§ WORK TASK: The response must consist of the lines below from the one with "聽(tīng)說(shuō)" through the one with "ZUMIMALL Security Camera", exactly as they appear and with both ends kept.

§ TASK INPUTS:
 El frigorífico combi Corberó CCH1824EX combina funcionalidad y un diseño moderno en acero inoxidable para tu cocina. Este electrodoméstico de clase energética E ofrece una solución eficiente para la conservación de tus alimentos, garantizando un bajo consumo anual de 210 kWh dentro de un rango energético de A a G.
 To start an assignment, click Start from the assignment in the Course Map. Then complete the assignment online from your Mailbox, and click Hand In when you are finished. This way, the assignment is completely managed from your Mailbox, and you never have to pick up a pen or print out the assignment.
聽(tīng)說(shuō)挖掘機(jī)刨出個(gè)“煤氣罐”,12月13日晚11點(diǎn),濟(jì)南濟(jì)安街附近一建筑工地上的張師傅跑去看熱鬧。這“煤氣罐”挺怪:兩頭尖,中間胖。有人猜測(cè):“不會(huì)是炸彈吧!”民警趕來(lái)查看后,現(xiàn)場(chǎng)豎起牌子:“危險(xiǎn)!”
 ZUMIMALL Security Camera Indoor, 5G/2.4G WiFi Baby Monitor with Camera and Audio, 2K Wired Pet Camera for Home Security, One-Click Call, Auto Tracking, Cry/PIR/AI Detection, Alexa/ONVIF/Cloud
--
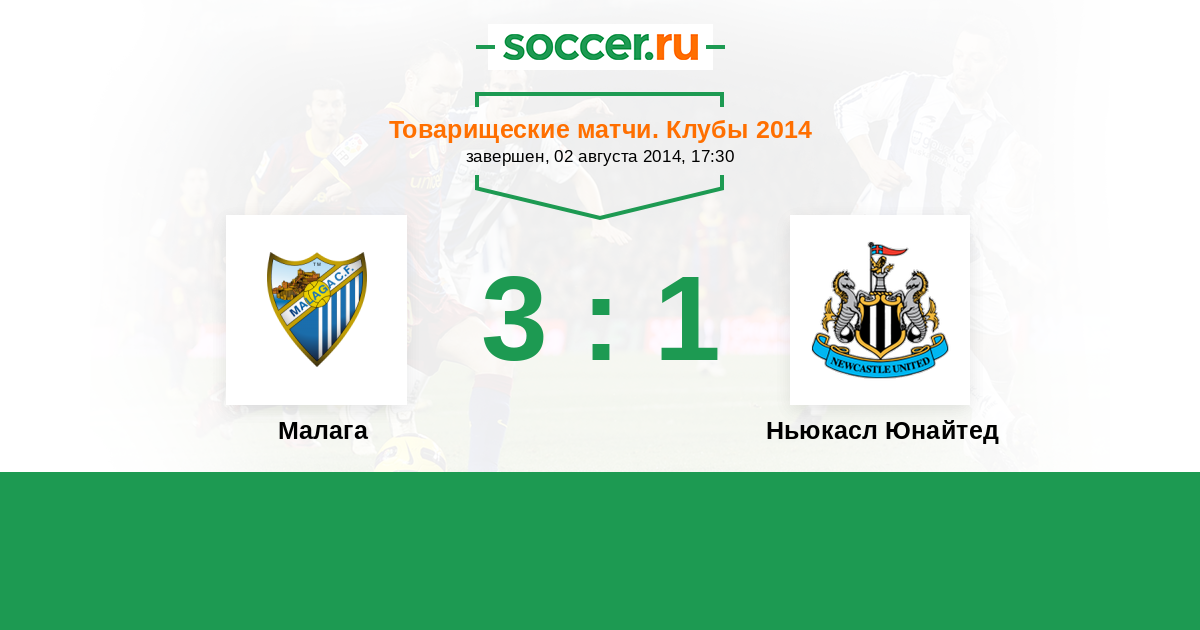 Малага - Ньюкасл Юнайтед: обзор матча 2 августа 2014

§ TASK SOLUTION:
聽(tīng)說(shuō)挖掘機(jī)刨出個(gè)“煤氣罐”,12月13日晚11點(diǎn),濟(jì)南濟(jì)安街附近一建筑工地上的張師傅跑去看熱鬧。這“煤氣罐”挺怪:兩頭尖,中間胖。有人猜測(cè):“不會(huì)是炸彈吧!”民警趕來(lái)查看后,現(xiàn)場(chǎng)豎起牌子:“危險(xiǎn)!”
 ZUMIMALL Security Camera Indoor, 5G/2.4G WiFi Baby Monitor with Camera and Audio, 2K Wired Pet Camera for Home Security, One-Click Call, Auto Tracking, Cry/PIR/AI Detection, Alexa/ONVIF/Cloud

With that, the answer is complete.